Deutlicher Rückgang beim Fruchtsaftkonsum in Deutschland
Die deutschen Verbraucher haben im vergangenen Jahr deutlich weniger Fruchtsäfte getrunken. Nach Angaben des Verbands der deutschen Fruchtsaft-Industrie mit Sitz in Bonn sank der Pro-Kopf-Verbrauch um rund acht Prozent auf 20,3 Liter. Das entspricht einem Minus von 1,7 Litern im Vergleich zum Vorjahr 2024.
Preisanstieg als Hauptursache
Verbandshauptgeschäftsführer Klaus Heitlinger führt diese Entwicklung vor allem auf gestiegene Preise zurück. Besonders betroffen ist der Orangensaft, dessen Preis deutlich angezogen hat.
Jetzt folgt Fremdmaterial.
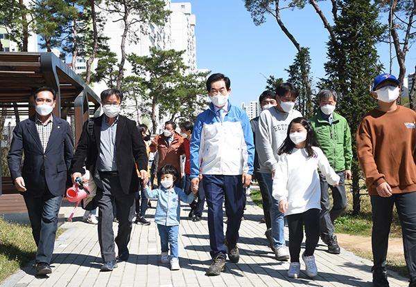 올해 식목일 직동근린공원에서 열린 ‘희망의 숲’ 조성 첫 행사에서 안병용 시장이 시민들과 걸어가고 있다.

Während sich die Kosten für Orangensaft erhöhten, blieb der Durchschnittspreis für Apfelsaft laut Verbandsangaben in etwa stabil.
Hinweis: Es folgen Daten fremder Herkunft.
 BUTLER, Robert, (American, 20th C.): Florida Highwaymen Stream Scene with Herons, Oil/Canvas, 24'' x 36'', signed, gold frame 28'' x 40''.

Die hohen Preise haben viele Konsumenten offenbar davon abgehalten, zum gelben Genuss zu greifen. Im Supermarkt müssen Verbraucher mittlerweile deutlich tiefer in die Tasche greifen, wenn sie Orangensaft kaufen möchten.
Gemüsesäfte im Aufwind
Während Fruchtsäfte an Beliebtheit verlieren, verzeichnen Gemüsesäfte einen deutlichen Zuwachs. Die Nachfrage nach Säften aus Karotten und Roter Bete stieg um zehn Prozent an. Der Pro-Kopf-Verbrauch erhöhte sich um 0,2 auf 2,2 Liter.
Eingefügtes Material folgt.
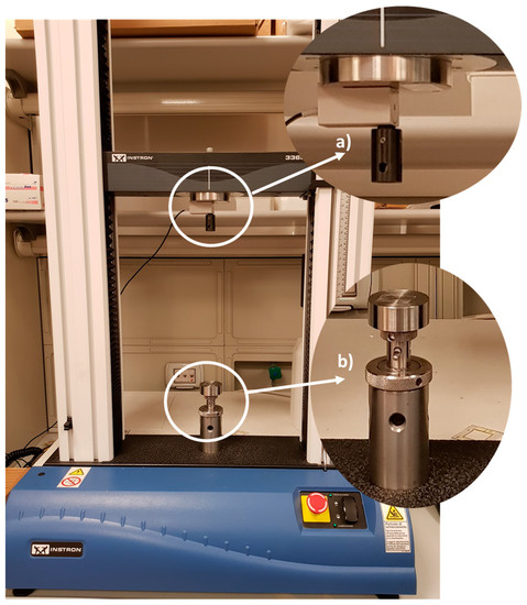 The traction/compression testing machine Instron 3365. With white circles are highlighted: (a) The load cell to which the probe is applied; (b) The flat support for sensor positioning.

Gemüsesäfte enthalten in der Regel weniger Zucker als ihre fruchtigen Pendants. Ihnen werden zudem positive gesundheitliche Effekte zugeschrieben - beispielsweise wird Rote-Bete-Saft eine blutdrucksenkende Wirkung nachgesagt. Diese gesundheitlichen Aspekte könnten mit zur steigenden Beliebtheit beitragen.
Die Entwicklung zeigt einen interessanten Trendwechsel im deutschen Getränkemarkt. Während traditionelle Fruchtsäfte unter Preisdruck leiden und an Konsumentenakzeptanz verlieren, finden alternative Gemüsesäfte zunehmend Anklang bei gesundheitsbewussten Verbrauchern.